My rating: 4 of 5 stars


This book is uneven. Most of it is what the subtitle promises, a military history of the American Civil War, but at the end it devolves into a collection of random essays on the Civil War. I observe from the copyright page that "portions of this book originally appeared in The Civil War Times and Military History Quarterly," and that's what they read like: magazine articles that have a set word limit and thus only so much space to delve into their subjects, with the result that these chapters feel superficial and, as I said, random---there's one about Whitman, and one about Black soldiers, and one on "the home fronts," which includes a paean to Southern womanhood (or perhaps I mean Southern Womanhood) that I found so bizarre it is going to be one of my lasting memories of the book.

Which is a pity, because most of the book is extremely interesting.
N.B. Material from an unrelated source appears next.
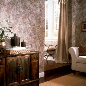 - Liquid. This is a cross between directly wallpaper and stucco. In fact, even this is just decorative plaster, but because of the compositional features it is customary to call it wallpaper. This is a dry powder that needs to be diluted with water and brought to a certain consistency. And the already obtained composition is applied to the wall like plaster. Such a coating does not form joints at all, provides excellent sound insulation, does not attract dust, always original.

John Keegan was, of course, the great English military historian, and his view of the Civil War is fascinating, both because he is, obviously, not American and looks at the progress of the war with a detachment that American historians, even now, do not have. (He is also the first historian I've read who buys Major General Dan Sickles's argument (promoted tirelessly after the fact) that he was the hero of Gettysburg for disobeying orders on the 2nd day.) But also because he really is writing a military history and thus spends a lot of time talking about geography, particularly rivers, in a way I had not thought about before. Keegan has ensured that I will now think of the Civil War as a war about rivers---the Mississippi, most obviously, and the Tennessee and the Cumberland and the Ohio, but also the Rappahannock and the Rapidan and that series of parallel rivers between Washington and Richmond.

So three and a half stars, round up to four.